As I have mentioned in past posts I am about to receive my degree. I have to say after 4.5 years of hard work I am nervous about this. I have no idea what I want to do with my life. I started my degree program when I was a single mom shortly after my divorce. I had a clear vision of what I wanted to do in life. Now I am married with #3 on the way and frankly I am so involved in being a mom, I have no idea what I want to do on the career side of my life. Another disappointing aspect of all of my hard work is that I still can not spell. I can't spell "unfortunately". Along with many other words. So what did my degree actually buy me except a dependency of spell check. I will say I am much better about run on sentences. Thank goodness!
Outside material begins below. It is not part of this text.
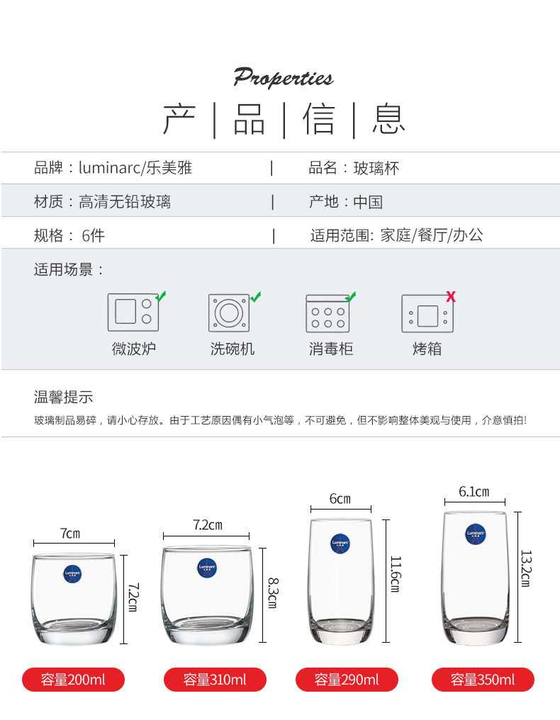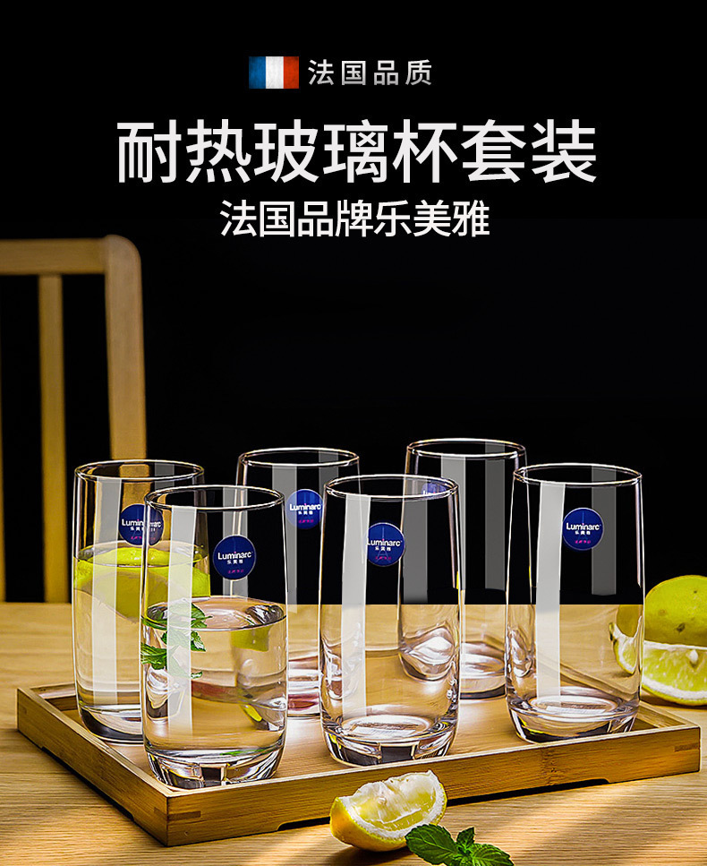 Le meiya Glass hogar resistente al calor engrosado taza de té vaso de agua de vidrio juego transparente 6 vasos de agua para el hogar
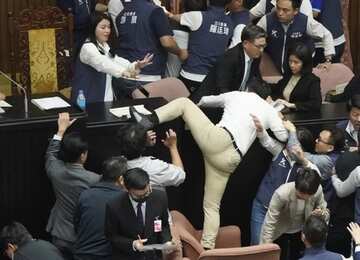 Подобные выходки в тайваньском парламенте не редкость. Там часто случаются драки, в ходе которых народные избранники переворачивают и ломают мебель и аппаратуру присутствующих на заседаниях журналистов.

On another random note, can somebody please get my husband a memo on pregnant woman and desert? When I say (at 9 months pregnant) that I want some desert, it doesn't mean I would like to get up and get us desert. It actually means please get me something sweet. Now I do not usually play the whole beat around the bush girl thing. I am very direct. This instance is just me thinking I could use some pampering or at least a little sympathy and want you to know what I want without me begging. Okay that is that.
Today we had so much fun on a play date. A neighbor I just met has a little girl the same age as LD. They had such a great time together! They held hands walking around the mall - adorable! I look forward to future play dates with our neighbors.